A few weeks ago, we set out to do just that and our plan was thwarted. We waited at the front door. Then we waited some more. Then we flagged down a waitress who told us she’d be right with us. It was around that point that my husband thought he saw Darren Daulton walking into the restaurant. Who knows. Then we waited some more. And some more. I was not pleased. My husband knew what was coming. The waitress finally came over and told us there would be a 20-30 minute wait (after asking if we wanted an inside or outside table. Duh, lady, we have our dog with us.) I let her know how I felt about that and walked away frustrated. My husband tried to put things into perspective on our walk back down the Avenue saying things like “maybe someone else was supposed to come in tonight but they died.” Who knows. Either way, it wasn’t about the wait for an outdoor table, it was about the wait to even be acknowledged.  I may have mentioned this before, but I put some weight on being a neighborhood place. You have to put yourself out just a little bit more. Be a little friendlier.

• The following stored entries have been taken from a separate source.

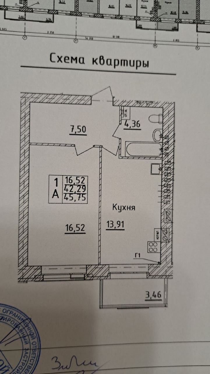 Общая площадь 45.75 м2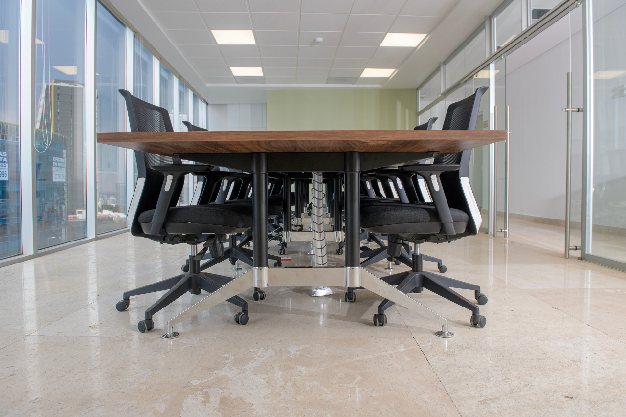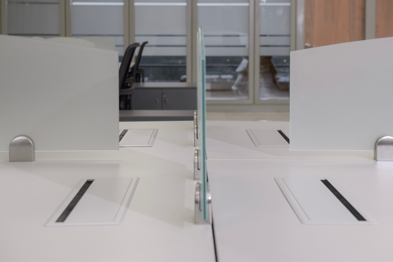 Los multiports y grommets, por ejemplo, se incorporan en las superficies de trabajo de forma casi invisible, manteniendo cables y conexiones organizadas. Ese detalle, aparentemente menor, cambia por completo la experiencia del espacio.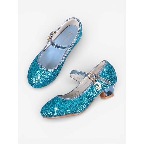 scarpe da damigella d'onore con glitter Mary Jane per bambini, con tacco basso, tomaia scintillante e cinturino con fibbia di sicurezza, eleganti scarpe da principessa per bambine, scarpe da damigella

Anyway. We went home and ordered some delicious take out from Tres Jalapenos and my trials were forgotten.

Last weekend, we decided to give it another try. We headed up 11th street on the later side–close to 9pm–and were treated to a number of empty outdoor seats. We were seated quickly and our speedy waitress whipped open our bottle of wine and poured two glasses before we could even tell her that we wanted to start with this.

(See the glass of wine in the background.) No biggie though. We sipped our beers and took in the specials while perusing the menu. A number of the specials stood out to us and we opted with two of them, two maki, the sashimi sampler and a heavier dish.

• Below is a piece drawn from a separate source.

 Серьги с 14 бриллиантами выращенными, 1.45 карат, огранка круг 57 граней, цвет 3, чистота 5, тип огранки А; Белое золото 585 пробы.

Our kumamoto oysters came out first. These were a refreshing and oceany start to our meal.

The oysters were followed by an interesting-sounding dish–grilled octopus in sesame oil. My husband bit into one before I did and exclaimed “it’s cold!” Although we expected a hot dish, this octopus was chewy without being rubbery and the sesame imparted a great flavor throughout. The sesame seeds sprinkled on top added a nice crunch to balance the chewiness of the octopus.

The sashimi sample was up next. The sampler consisted of two small bites of the following: tuna with tofu vinaigrette, fluke with tataki sauce, salmon carpaccio, squid with smoked sea salt and lemon oil and surf clam with spicy miso.

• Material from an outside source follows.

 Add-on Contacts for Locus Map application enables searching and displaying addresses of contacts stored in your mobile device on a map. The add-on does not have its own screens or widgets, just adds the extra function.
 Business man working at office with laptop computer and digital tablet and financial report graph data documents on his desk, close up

Surprisingly (to me,) I think my favorite was the salmon which had a perfect texture and the most subtle of flavors while leaving a buttery finish on my tongue.

Our food just kept coming. I swear it was flying out of the kitchen. Our maki and pork belly came at about the same time, but we ate the pork belly first because it was warm.

The braised pork belly over congee is definitely more of a cold weather dish, but we had had it before and liked it. Besides, all of our other dishes were very light so it was nice to have something to balance that out. This dish is phenomenal, by the way. The pork belly is, well, pork belly. It slips apart under the gentle touch of a fork and the flavors just fill your mouth with comfort and happiness. The congee is a tricky little devil. It has the porky flavor of the meat along with sweet soy sauce. As you eat it, you’re likely to happen upon a mushroom or edamame pea nestled in the porridge. This is a soulful dish.

We finished with the maki–shrimp tempura and a softshell crab. The shrimp tempura was great, while the softshell crab left a bit to be desired. I was hoping for more meat and less veggie. Let’s just say we emptied our plates anyway.

As we slowly finished up our meal, I started to make my way to the bathroom before noticing that the entire staff was busy cleaning the inside of the restaurant and the floor was being mopped. Oops, guess I’ll hold it. It was before the 11pm closing time so I guess they were just trying to get a jump on their evening.

Izumi is just the kind of restaurant Passyunk Avenue needs. While they may have some missteps here and there, they fill the perfect niche and I’ll keep coming back for more.